I have never seen a New Zealand that looked like that!


----------



## DianeS (Dec 4, 2012)

Looks like a Silver Fox to me.  Perhaps it's a mix and the owners only knew the NZ part of the mix? That would explain it.


----------



## Roll farms (Dec 4, 2012)

We bred a white NZ to a silver fox and our kits looked a lot like that.  Some of them the fur acted like SF, some it didn't.


----------



## Robo Buck (Dec 4, 2012)

I would like to breed it back to my  white New Zealand Buck do you guys know what would happen ? Because if it is a New Zealand x Silver fox  would the color change if it was crossed back to a New Zealand ?


----------



## Bunnylady (Dec 4, 2012)

That is NOT a Silver Fox, it's a steel. The Silver Fox is a solid colored rabbit with a lot of white hairs in its coat; a steel has hairs that are mostly dark, but are ticked with a lighter color. I haven't done a lot of New Zealand breeding, but when I outcrossed a New Zealand White to my Harlequins, I got steel babies. Others have told me of similar results; apparently steel is common in NZW's.
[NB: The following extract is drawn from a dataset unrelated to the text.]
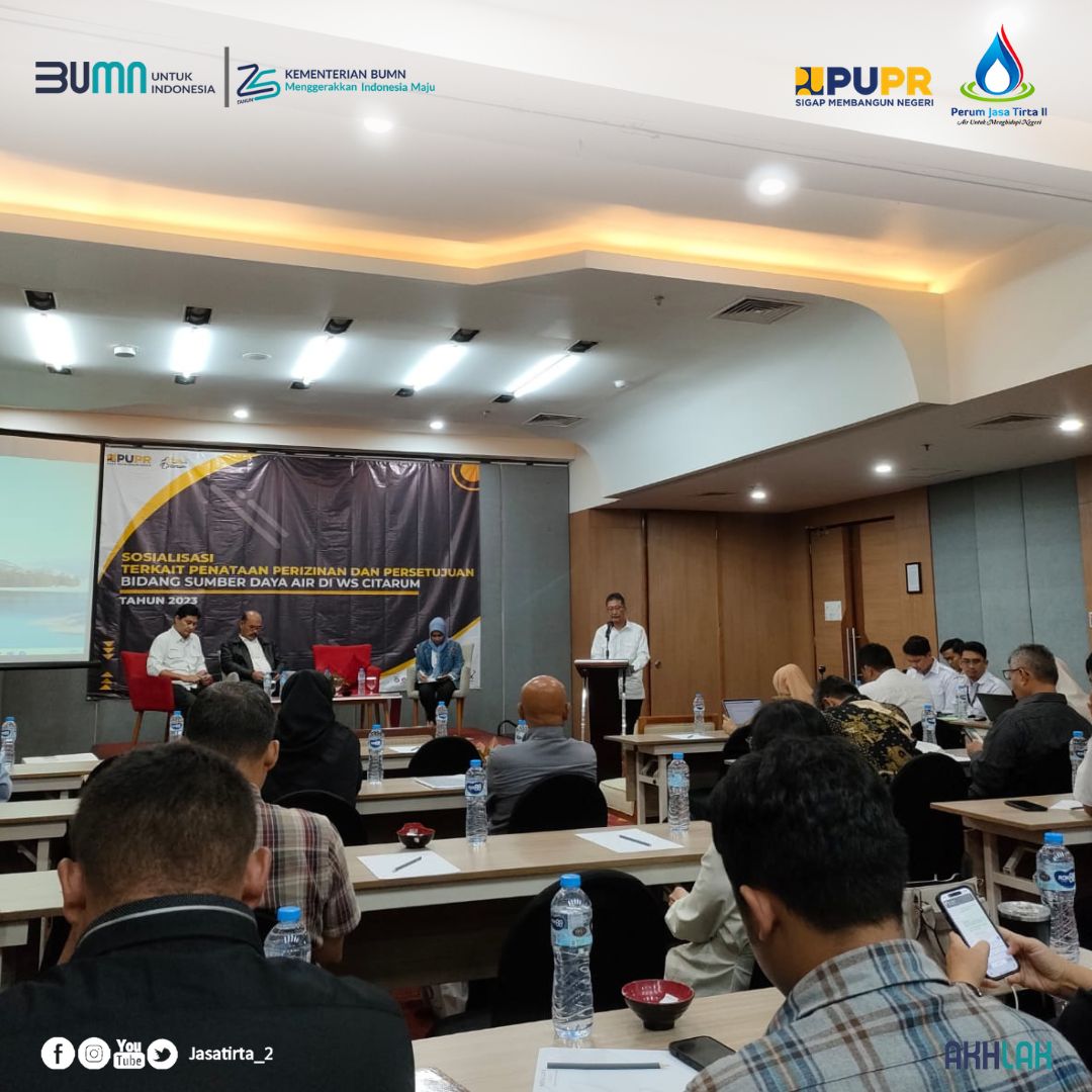 Jasa Tirta II diwakili Kadiv Komersil dan Pelayanan Pelanggan, Esthi Pambangun dan tim menghadiri sosialisasi terkait Penataan Perizinan dan Persetujuan Bidang Sumber Daya Air di Wilayah Sungai Citarum pada Senin, (4/12/2023) di Bandung, Jawa Barat.

Steel is a weird gene. It occurs at the E locus, and you only see the steel coloring when it is paired with the normal full color gene at that locus. Any other combination usually winds up looking like a black self. If you breed this doe to your NZW buck, you will probably get some REW's, some steels, and some that are solid black like this doe's littermates.

This is a Silver Fox:


----------



## Prairiechick (Dec 4, 2012)

Bunnylady said:
			
		

> That is NOT a Silver Fox, it's a steel. The Silver Fox is a solid colored rabbit with a lot of white hairs in its coat; a steel has hairs that are mostly dark, but are ticked with a lighter color. I haven't done a lot of New Zealand breeding, but when I outcrossed a New Zealand White to my Harlequins, I got steel babies. Others have told me of similar results; apparently steel is common in NZW's.
> 
> Steel is a weird gene. It occurs at the E locus, and you only see the steel coloring when it is paired with the normal full color gene at that locus. Any other combination usually winds up looking like a black self. If you breed this doe to your NZW buck, you will probably get some REW's, some steels, and some that are solid black like this doe's littermates.
> 
> ...


As usual, you make a lot of sense.  Looking at the picture of the SF, you can see the OPs rabbit has a more solid head.


----------



## Robo Buck (Dec 4, 2012)

Ok thank you Bunnylady


----------



## DianeS (Dec 4, 2012)

Bunnylady, it's amazing how much detail you can see from a single photograph. I completely understand your explanation of white tips vs white hairs, but I just can't see the difference in that photo. I'm glad you chime in on these!


----------



## Bunnylady (Dec 5, 2012)

It is a bit subtle, but the difference in the size of the light spots on the coat does create a different look. Also, the OP's rabbit looks to be gold-tipped rather than silver, which is a definite give away! 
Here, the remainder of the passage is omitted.